Hacker News new | ask | show | jobs
by bipin_nag 3853 days ago
Correct me if I am wrong but Spark does not use JNI for Python. It uses py4j to allow Python programs to access Java Objects. All the core functionality is implemented in Scala/Java. py4j uses sockets to communicate. See https://www.py4j.org/about.html
1 comments

That's my understanding as well. This is the reason why you are caught between the rock and a hard place on the Hadoop stack. Java code wont be efficient in terms of FLOPs and a popular and often effective escape hatch: code number crunching parts in C, C++ or Fortran, is also not very effective / convenient. Particularly so if it requires going back and forth over the bridge frequently because crossing the bridge has significant overhead. So typically you have to move majority of the core into the high performant language of choice and what remains is glue. If gluing is what I want to do, there are other languages that can give Java stiff competition. The core capability thing going for Java in this domain is HDFS, and its not that great a file system for big data.
When we say JVM code is not efficient in terms of FLOPs we're talking about a factor of 2 or so though, not really the same as the factor of 20+ you lose by implementing numeric code in pure Python.
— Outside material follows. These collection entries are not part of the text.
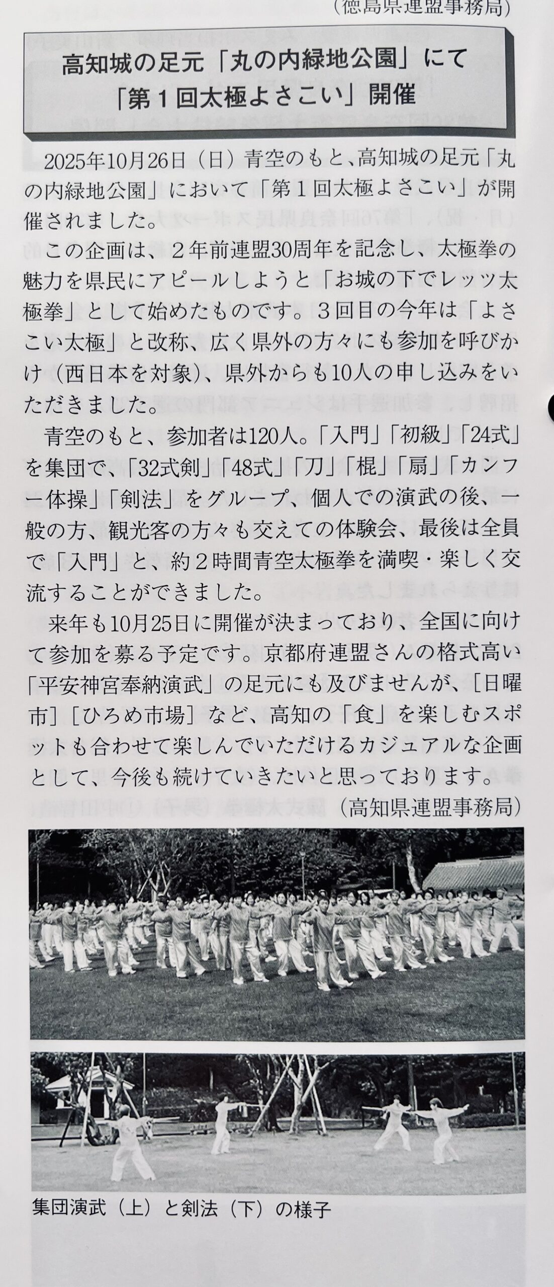 日本武術太極拳連盟発行の12月号に「第1回太極よさこい」の記事が掲載されました! 日本武術太極拳連盟発行の12月号… リフレッシュ, 健康, 太極よさこい, 太極拳, 太極拳好きと繋がりたい, 芝生, 集団演武, 高知, 高知イベント, 高知城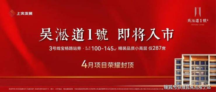 3号线宝杨路旁,上实·吴淞道1號将主推建面约100-145㎡3-4房,仅287席,主力总价600万级,即将入市。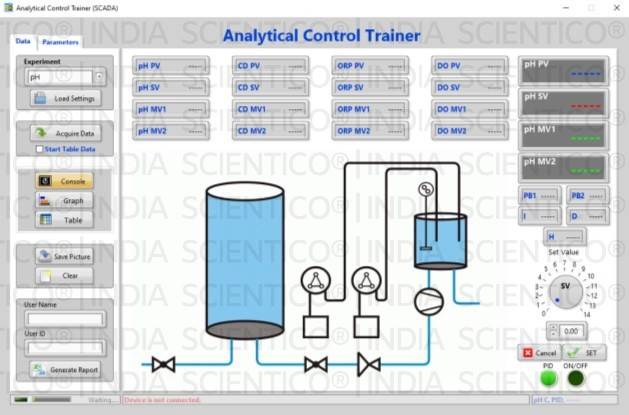 Analytical process control is an essential aspect of modern industrial operations where chemical properties must be continuously monitored and adjusted to maintain product quality and process efficiency. The Analytical Process Control Trainer replicates these industrial control scenarios in a laboratory-scale environment.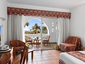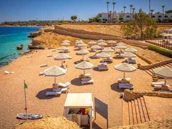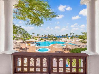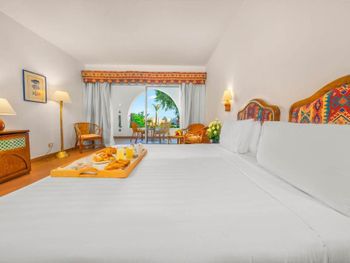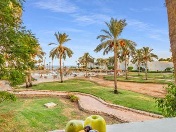 Первый отель в котором лобби бар платный. По системе все включено 3 ресторана, еда вкусная, но настолько грязно... официант в ресторане джардино на сладостях тарелкой мух отгонял, и в эту же тарелку гостям сладости ложил. В посуде есть сколы. В ресторанах Корал и Специи - на сладком столе торты и пироги, но... не порезаны, все ложками отламывают куски, через 5 минут из торта месиво, ну положите ножик! Посуда не промыта, ставят с видимыми жирными пятнами. В корал вечно нехватает ложек. По Букинг нам должны были предоставить бесплатное повышение категории номера, но нет. После 4х дней борьбы с уборщиком и жалоб, нас переселили в действительно хороший номер, с хорошей уборкой и шикарным видом. Полотенца на пляже главном, требуют замены, опять же, итальянцам дают хорошие, а ресскоговорящим гостям ужасные. Теперь вишенка на торте! Под видом привелигированных клиентов D club наседают в подписание договора. Дают в подарок One day на клубном пляже. Рассказывают красиво и про подарочную неделю в отеле и сервис rci по миру по обмену отпуска. На самом деле проживание дешевое, но питание дорогущие, все доп сервисы потом доп счетом при выселении выходят. Расторгнуть договор - ответов нигде нет.  Так заговаривают зубы, так все красиво, подумать не дают на принятие решения. Естественно, при нашем недовольстве - полный игнор. Мы заплатили 1 тысячу долларов, и не получили ничего..... А там на поток поставлен развод наших туристов. Еще один минус, никто конкретной информацией не обладает, пришли на ресепшен спросить сколь стоит де юз, чтобы подруга с другого отеля в гости приехала, сказали 250 фунтов, по приезду цена выросла в 25 долларов, даже в этом обманули. Испорчен отдых... Будьте бдительны! Очень жаль этот отель, ведь при таком шикарном пляже и море, так испортить отдых.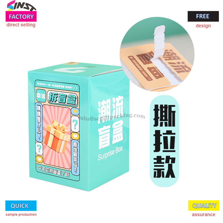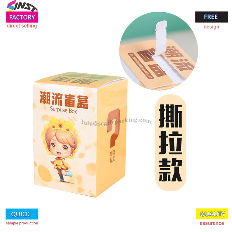 Roztrhnite škatuľu slepého boxu na slepú krabicu Dolldy Doll Doll Doll Box, ktorá sa dá prispôsobiť podľa potrieb zákazníkov. V súčasnosti sú veľkosti krabíc: 6 * 6 * 10 cm; 10 * 10 * 15 cm; Toto políčko môže použiť tlač s vysokým rozlíšením a importovaný atrament,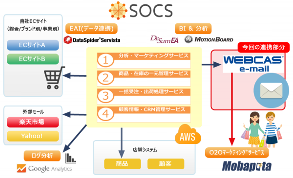 SIとエイジアは2012年4月9日に資本・業務提携を行っており、以来、SIのECサイト構築パッケージ「SI Web Shopping」とエイジアのメールマーケティングシステム「WEBCAS e-mail」の連携ソリューションを多くの企業に提供しています。 今回は領域をさらに広めて、SIの新しいクラウドサービス「SOCS」とエイジアの「WEBCAS e-mail」の連携を行い、オムニチャネルの観点においても小売業全体に幅広くサービス提供するものです。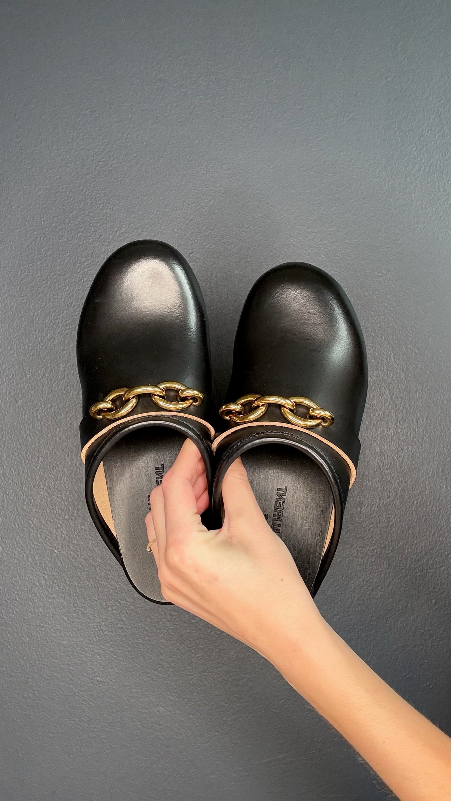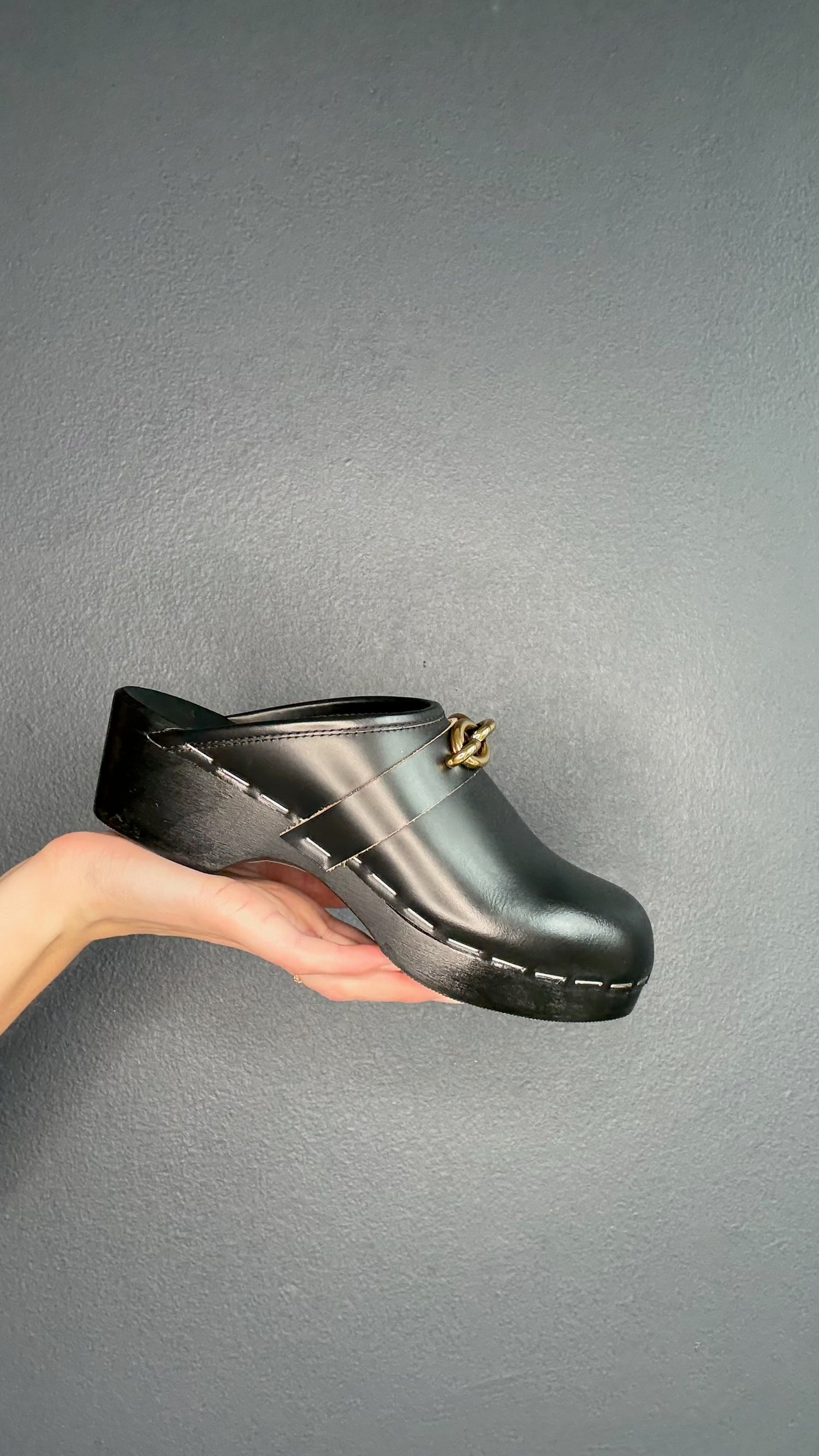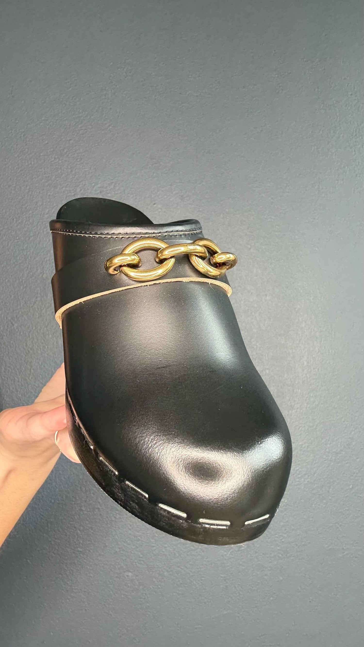 Saint Laurent black leather clogs with gold hardware. Designer size 37.5

So Scala gives you a 10x faster cycle during early development. Maybe it's fast enough that you don't need that last factor of 2, or maybe just JNIing a few core operations is enough (you can also do some tricks with the advanced type system; with NumPy if it looks like Python iteration then it is, whereas with something like Breeze you can potentially have something that looks like Scala iteration but won't actually copy the data back and forth). But in the cases where you do need to push things right down into Fortran, Scala is just as good a glue language as Python is.
> When we say JVM code is not efficient in terms of FLOPs we're talking about a factor of 2 or so though, not really the same as the factor of 20+

Not so in my experience. Write a matrix multiply in pure Java, and pure C, C++, Fortran. The difference would easily be north of 5X, typically more.

Regarding JNI, please see the root of the comment tree. Rarely have I seen more stinky garbage. Its hopeless if you have to go back and forth across the bridge. If that be so I might as well be on the other side of the bridge.

JVM is fantastic, but if you are doing number crunching and performance matters, then JVM is a wrong choice.